The soul in Philo's thought is not a private possession. It carries consequences beyond the body it inhabits. A righteous soul shelters those around it. A compromised soul fails those around it. This is not a minor ethical point. It means that the soul's journey through the body has external effects on creation, not only internal effects on the soul itself. The soul that remembers its source and acts accordingly changes the moral atmosphere of the world it occupies.
Where God Placed Adam's Soul
Legends of the Jews, Louis Ginzberg's early twentieth-century synthesis of rabbinic and aggadic tradition, preserves a striking account of the soul's initial placement in the first body. God is preparing to breathe the neshama into Adam. The question is where to place it. God considers the mouth: it might speak harmful words. God considers the eyes: they might be used for lustful looking. God considers the ears: they might receive slander and hold it.
God chooses the nostrils. Why the nostrils? Because the nose does not lie.
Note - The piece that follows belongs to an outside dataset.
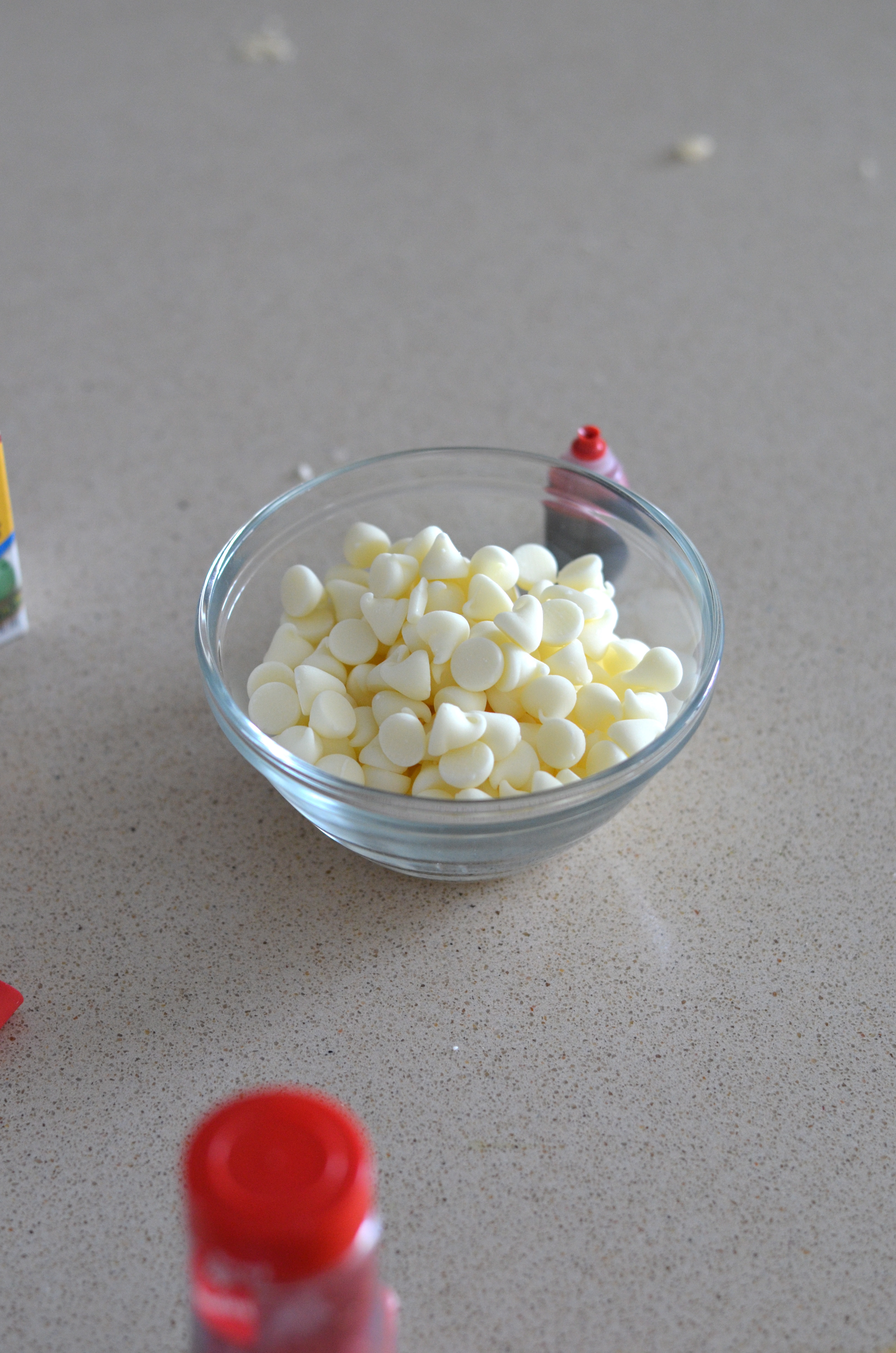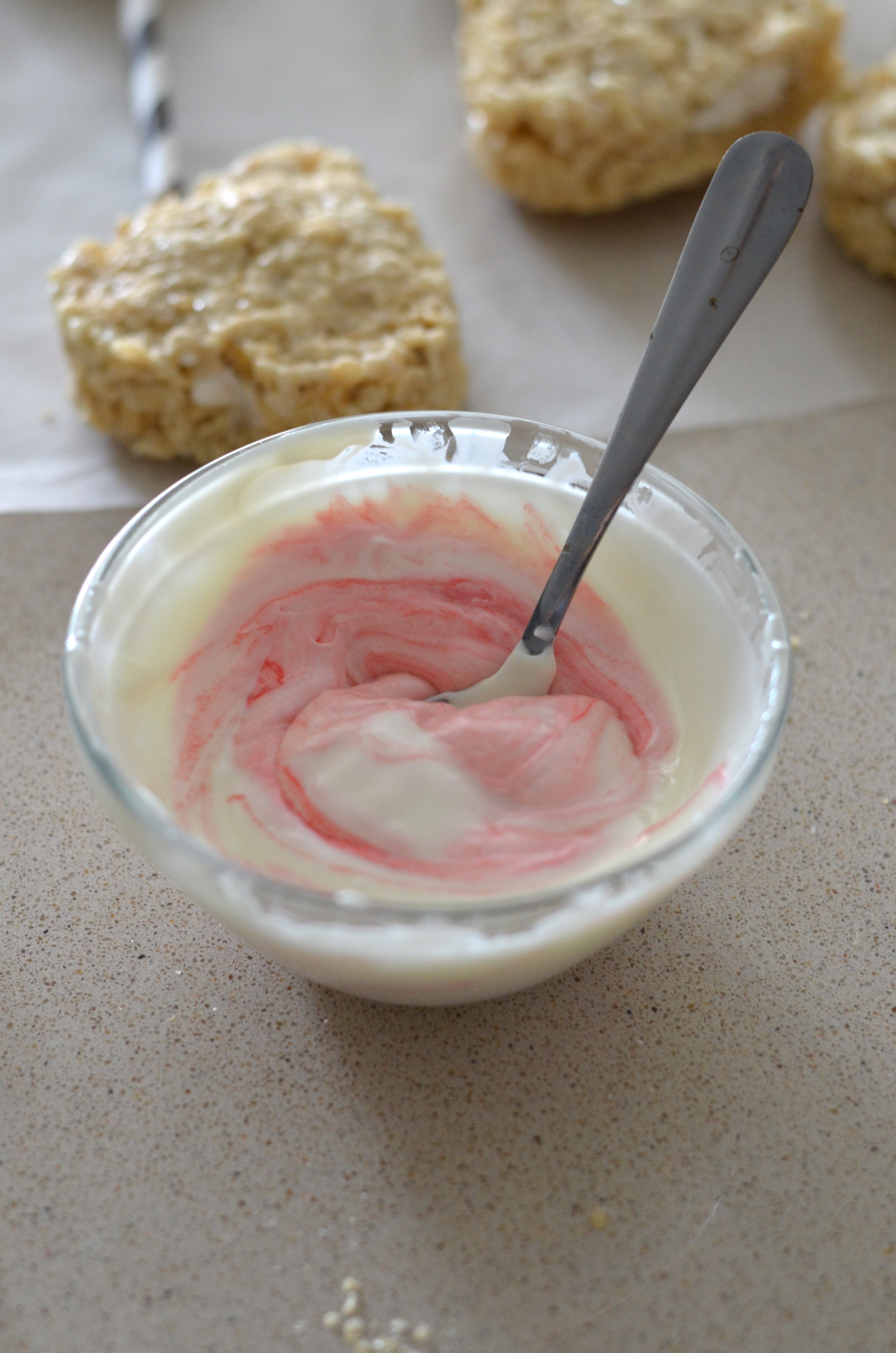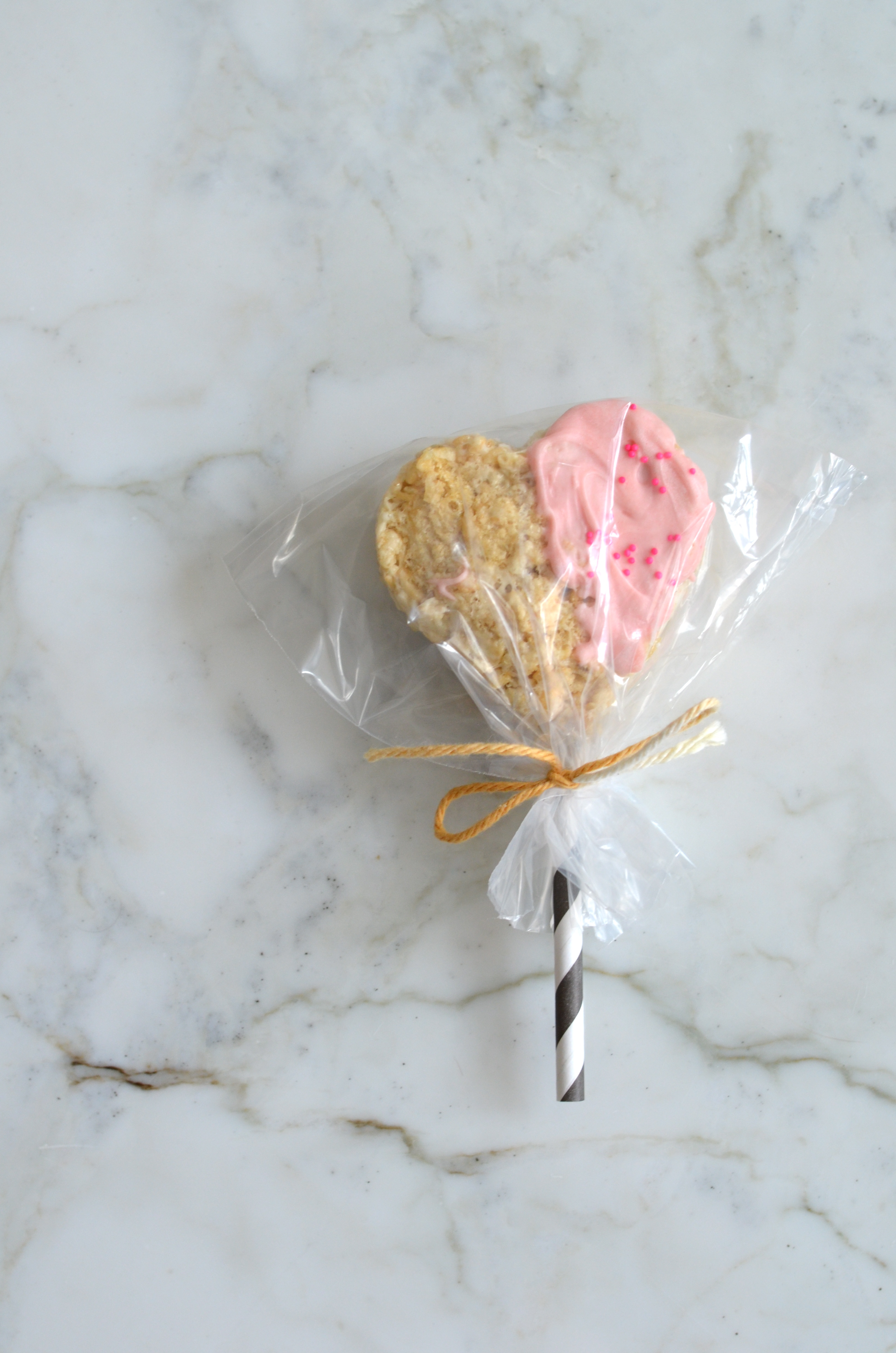 Once cooled, melt chocolate and add food coloring. Decorate rice krispies with chocolate and sprinkles. Wrap in a baggie and tie with a string and hand them out to your favorite Valentines 🙂

What enters the nose enters directly. What leaves the nose is breath, the ruach, the same word that means both wind and spirit. The soul enters through the organ that breathes, because breathing is the most continuous and most honest activity the body performs. Every breath is an invisible repetition of the original breath that made Adam live.
The soul placed in the nostrils is a soul that is renewed with every breath. It cannot hold still in its container. It moves in and out with the air. It is present and returning, present and returning, for every moment of a human life.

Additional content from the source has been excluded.